Task objective: All of the lines below are to be transcribed faithfully, with pictures excluded from the copy.

Supplied material:
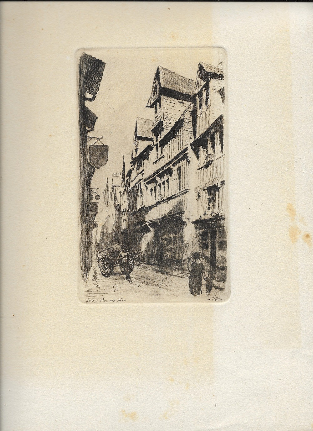 Estampe/Eau-forte par Charles Jaffeux (Riom (Puy-de-Dôme), 17 janvier 1902 † Riom, 14 mars 1941) en portefolio. Titré sur le premier plat, gravure en 3ème p. Déport sur le 2ème plat. La feuille 338*280 mm, au CP 175*105 mm. Dans la planche, titre en bg, signature en bd. Vue animée de cette célèbre rue de la capitale du pays d'Auge (Calvados, Normandie) avec un marchand ambulant et sa charrette, au premier plan à d une mère et son enfant. A noter les enseignes sur les immeubles à g, face aux maisons du XVe à colombage. Epidermures dans les marges sans atteinte au sujet.
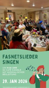 Am Donnerstag, 29. Januar 2026 findet unser diesjähriges Fasnetsliedersingen im Café Kännle statt.
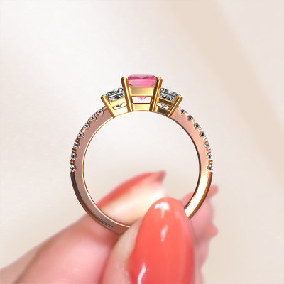 Dieser Verlobungsring aus 14 Karat Roségold mit 5 mm Pink Saphir heißt Dorla. Was macht Ihre Beziehung einzigartig? Was hat sie an sich, was Sie dazu bringt, auf die Knie zu fallen? Die einzigartige Verbindung zwischen Ihnen beiden wird durch einen ebenso einzigartigen Ring unterstrichen. Ein einzigartiger 3-stone Verlobungsring, der nur für sie gemacht wurde. Deshalb passt dieser Ring wie angegossen. Jedes einzelne Detail dieses Micropavé, Roségold Pink Saphir Verlobungsring wird von unserem erfahrenen Goldschmieden in unserem eigenen Studio von Hand ausgesucht, bearbeitet und poliert. Das Endprodukt ist ein exquisiter Ring, einzigartig und bis zur Perfektion gebracht. Danach streben unsere erfahrenen Juweliere. Jedes Schmuckstück ist einzigartig in jeder Hinsicht! Einfach nach Ihren Wünschen anzupassen.Nach Erhalt Ihrer Bestellung beginnen unsere Goldschmiede mit Leidenschaft den kreativen Prozess und fertigen Ihren Verlobungsring in unserem eigenen Studio. Da wir keine großen Lager haben, werden diese Kosten nicht an Sie weitergegeben. Unsere Preisgestaltung ist der Beweis dafür! Wir bieten Schmuck zum niedrigsten Preis, garantiert.Haben Sie einen bestimmten Ring im Sinn? Eines, dass Sie irgendwo gesehen haben. Bitte zögern Sie nicht, uns zu sagen, was Sie wollen und wir werden Ihr Design in einen Einzigartigen Verlobungsring verwandeln. Sie können die Entwicklungen Ihres Ringdesigns verfolgen, da wir 3D-Zeichnungen verwenden. Das gibt Ihnen eine realistische Vorschau Ihres Designs. Wir senden Ihnen gerne ein unverbindliches Angebot zu einem fairen Preis/Leistungsverhältnis. Es wird Sie erstaunen.Um es einfacher zu machen, bieten wir eine kostenlose 30-tägige Rücksendung.

Answer to this problem:
 Estampe/Eau-forte par Charles Jaffeux (Riom (Puy-de-Dôme), 17 janvier 1902 † Riom, 14 mars 1941) en portefolio. Titré sur le premier plat, gravure en 3ème p. Déport sur le 2ème plat. La feuille 338*280 mm, au CP 175*105 mm. Dans la planche, titre en bg, signature en bd. Vue animée de cette célèbre rue de la capitale du pays d'Auge (Calvados, Normandie) avec un marchand ambulant et sa charrette, au premier plan à d une mère et son enfant. A noter les enseignes sur les immeubles à g, face aux maisons du XVe à colombage. Epidermures dans les marges sans atteinte au sujet.
 Am Donnerstag, 29. Januar 2026 findet unser diesjähriges Fasnetsliedersingen im Café Kännle statt.
 Dieser Verlobungsring aus 14 Karat Roségold mit 5 mm Pink Saphir heißt Dorla. Was macht Ihre Beziehung einzigartig? Was hat sie an sich, was Sie dazu bringt, auf die Knie zu fallen? Die einzigartige Verbindung zwischen Ihnen beiden wird durch einen ebenso einzigartigen Ring unterstrichen. Ein einzigartiger 3-stone Verlobungsring, der nur für sie gemacht wurde. Deshalb passt dieser Ring wie angegossen. Jedes einzelne Detail dieses Micropavé, Roségold Pink Saphir Verlobungsring wird von unserem erfahrenen Goldschmieden in unserem eigenen Studio von Hand ausgesucht, bearbeitet und poliert. Das Endprodukt ist ein exquisiter Ring, einzigartig und bis zur Perfektion gebracht. Danach streben unsere erfahrenen Juweliere. Jedes Schmuckstück ist einzigartig in jeder Hinsicht! Einfach nach Ihren Wünschen anzupassen.Nach Erhalt Ihrer Bestellung beginnen unsere Goldschmiede mit Leidenschaft den kreativen Prozess und fertigen Ihren Verlobungsring in unserem eigenen Studio. Da wir keine großen Lager haben, werden diese Kosten nicht an Sie weitergegeben. Unsere Preisgestaltung ist der Beweis dafür! Wir bieten Schmuck zum niedrigsten Preis, garantiert.Haben Sie einen bestimmten Ring im Sinn? Eines, dass Sie irgendwo gesehen haben. Bitte zögern Sie nicht, uns zu sagen, was Sie wollen und wir werden Ihr Design in einen Einzigartigen Verlobungsring verwandeln. Sie können die Entwicklungen Ihres Ringdesigns verfolgen, da wir 3D-Zeichnungen verwenden. Das gibt Ihnen eine realistische Vorschau Ihres Designs. Wir senden Ihnen gerne ein unverbindliches Angebot zu einem fairen Preis/Leistungsverhältnis. Es wird Sie erstaunen.Um es einfacher zu machen, bieten wir eine kostenlose 30-tägige Rücksendung.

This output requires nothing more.